Add DKIM support if dkim-private.pem exists

[SorinGFS]

What does it do?

Basically a check for existance of the dkim-private.pem file is performed, and if the file exists in the project root folder it will be used in provider option, except the case where different options are passed for provider.

Now, if user provides that key and everything is correctly set the result will be dkim=pass (1024-bit key) or (2048-bit key) in validations made by receiving email providers. Its tested!

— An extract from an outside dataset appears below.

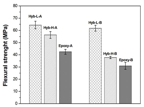 The comparison between the mechanical properties measured in flexural mode (i.e., modulus and strength) for the four hybrid systems and the respective non-hybrid resins, is shown in Figure 11 and Figure 12, respectively. The results of the flexural mechanical tests are summarized in Table 4 for all the analyzed systems.

More details I will provide in the same forum topic where this issue was started : https://forum.strapi.io/t/unsolved-problem-emails-goes-to-spam/512/7?u=soringfs

Why is it needed?

DKIM pass at receiving email providers

Related issue(s)/PR(s)

N/A

[codecov]

Codecov Report

Merging #8376 into master will not change coverage.
The diff coverage is n/a.

@@           Coverage Diff           @@
##           master    #8376   +/-   ##
=======================================
  Coverage   33.19%   33.19%           
=======================================
  Files        1220     1220           
  Lines       13618    13618           
  Branches     1357     1357           
=======================================
  Hits         4521     4521           
  Misses       8212     8212           
  Partials      885      885           

Flag	Coverage Δ
#front	24.72% <ø> (ø)
#unit	54.45% <ø> (ø)

Flags with carried forward coverage won't be shown. Click here to find out more.

---

Continue to review full report at Codecov.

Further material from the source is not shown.